Tuesday, July 07, 2009


Yesterday I stopped at Home Depot on the way home to pick up some more of that lawn patch repair stuff to use in the front yard, as the test patches in the backyard have actually been yielding new grass.
I also wanted to pick up some kind of tiller thing for the immediate purpose of breaking up the soil in the areas in which I need to use the patch repair stuff, but also for the future date on which I decide to do something different with the flowerbeds, as I'm not really all that thrilled about what was left behind by the previous owner in the way of flowers.
I found the perfect one; a Black & Decker model that uses the same battery system as all of the rest of my stuff.
Naturally they didn't actually have any in stock, and weren't selling the display model.
I'd intended to mow the lawn - the front and side, anyway - when I got home, but by the time I did I no longer had the energy, so I put it off until today.
I also did some hedge trimiing, and then did the patch repair thing on one of the bigger sections of dead grass, using a shovel and a rake to break up the soil, since I'm still tiller-less.
And that's been pretty much all the excitement in my life.

A Conversation at Work:

My boss: That will free you up from some "grunt work."
Me: That's good, because I certainly have plenty of that.
My boss: We're definitely going to be moving away from that kind of thing. I've got some good projects lined up for you.
Me: ...great.

Why I Heart Slacktivist Continued:

In his most recent post about the Delaware legislature passing legislature that would add sexual orientation to anti-discrimination laws, Fred "Slacktivist" Clark demonstrates yet again why I Heart Slacktivist:

Those bills never passed. "Discrimination against gays still legal in Del.," read the headline on the paper's Web site, year after year after year.

That headline was celebrated, each time, by Christian conservative groups who were always ferociously opposed to the idea that gays, lesbians, bisexuals and transgendered persons should enjoy the same legal protections as everyone else in the state. Those groups liked to quote Leviticus to support the idea that homosexuality was an "abomination" to God. The idea, I guess, was that homosexuals were sinners and thus real, true Christians were therefore obliged to ensure that it remained perfectly legal to deny them access to housing or employment.

It's tempting to respond in kind, to say, I'll see your Leviticus and raise you a Deuteronomy:

Do not have two differing weights in your bag -- one heavy, one light. Do not have two differing measures in your house -- one large, one small. You must have accurate and honest weights and measures ... For the Lord your God detests anyone who does these things, anyone who deals dishonestly.

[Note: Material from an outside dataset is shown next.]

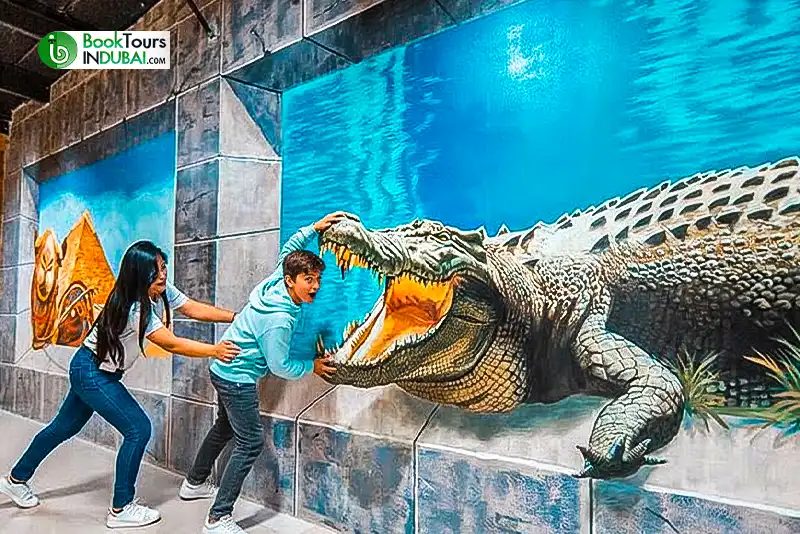 The best part of 3D World Selfie Museum Dubai Tickets is traveling into a dense tropical forest and posing with tigers and elephants. You may get photographed by a bear or almost be swallowed by an alligator. It’s all happening here at the Animal Kingdom!

In other words, no fair not being fair. You can't have one price for one group of people and a different price for a different group. You can't have one housing market or one job market for one group of people and exclude other people from that market -- that's differing weights and measures, something the Lord your God detests. Inequality, discrimination, disenfranchisement and the dishonesty of double-dealing and double-standards turn out also to be abominations before the Lord.

And there's nothing in Deuteronomy to suggest a loophole that says it's OK to have differing weights in your bag so long as the short-changing one is for homosexuals. The Bible says, unambiguously, that these Delaware Christians' crusade in defense of legal discrimination is abominable and detestable.

So what we have here is a theological dispute -- a disagreement over the interpretation and meaning of the scripture. I'm confident I can win this argument, but before we get bogged down in the theological details of such a dispute, allow me to point out the most important thing to remember about all such arguments: They don't matter. Not even a little bit. Because none of what any of us thinks about the interpretation and meaning of the scripture is in any way relevant to the question before the legislature, a wholly secular body charged only with the wholly secular matters of law and justice.